Hacettepe Üniversitesi Kas Hastalıkları Ulusal Kayıt Sistemi Logo
Hacettepe Üniversitesi Kas Hastalıkları Ulusal Kayıt Sistemi Logo

SPİNAL MUSKULER ATROFİLER ve  REHABİLİTASYONU

Prof. Dr. A. Ayşe Karaduman
HÜ Sağlık Bilimleri Fakültesi Fizik tedavi ve Rehabilitasyon Bölümü

Spinal muskuler atrofi ( SMA ), bir grup kalıtsal nöromüsküler ( sinir kası tutan ) hastalığa verilen isimdir. Omurilikte yer alan ve kasların hareketinden sorumlu olan bazı hücrelerin hastalanması ve görevlerini yapamamaları sonucu bu hastalık ortaya çıkar. Bu hücreler beyinden gelen hareket emrini kaslara iletmekten sorumludur. Kaslar hareket emrini alamadıklarından çalışamazlar ve zayıflarlar. Tüm kol ve bacak kasları, gövde ve bazı solunum kasları bu hastalıktan etkilenirler.

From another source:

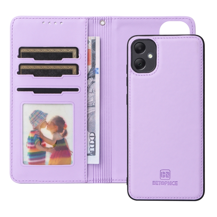 Funda de teléfono Betopnice BN-005 para Samsung Galaxy A05 2 en 1 cuero genuino desmontable (Púrpura Claro)

Klinik olarak farklı tipte ve şiddette dört tip SMA hastalığı belirlenmiştir. Bunların hareket etme becerilerine yada fonksiyonel durumlarına göre özellikleri aşağıdaki gibidir:

Tip 1 SMA: Bağımsız oturamazlar baş kontrolü çok zayıftır.

Tip 2 SMA: Baş kontrolü vardır. Oturabilirler ancak yatma pozisyonundan oturma pozisyonuna gelemezler.

Tip 3 SMA: Ayakta durup yürüyebilirler.

Tip 4 SMA: Erişkinlerde görülen tipidir. Kol ve bacaklarda zayıflık vardır. Genel olarak bu hastalar yürüyebilirler.

Spinal Musküler Atrofiler kalıtsal hastalıklardır, bulaşıcı değildir. Kalıtsal hastalıklarda genlerde bozukluk görülür. Genler hücrelerin fonksiyon görmesi için bazı proteinler üretirler. Gen bozukluğu olduğunda bu proteinler üretilemez, eksik üretilebilir veya fazla üretilebilir. Bu durumda ilgili hücrelerde bazı hasarlar meydana gelebilir. SMA da ön boynuz hücresinin işlevi bozulduğundan vücuttaki istemli hareket eden kaslarda kuvvetsizlik ile erime görülmektedir.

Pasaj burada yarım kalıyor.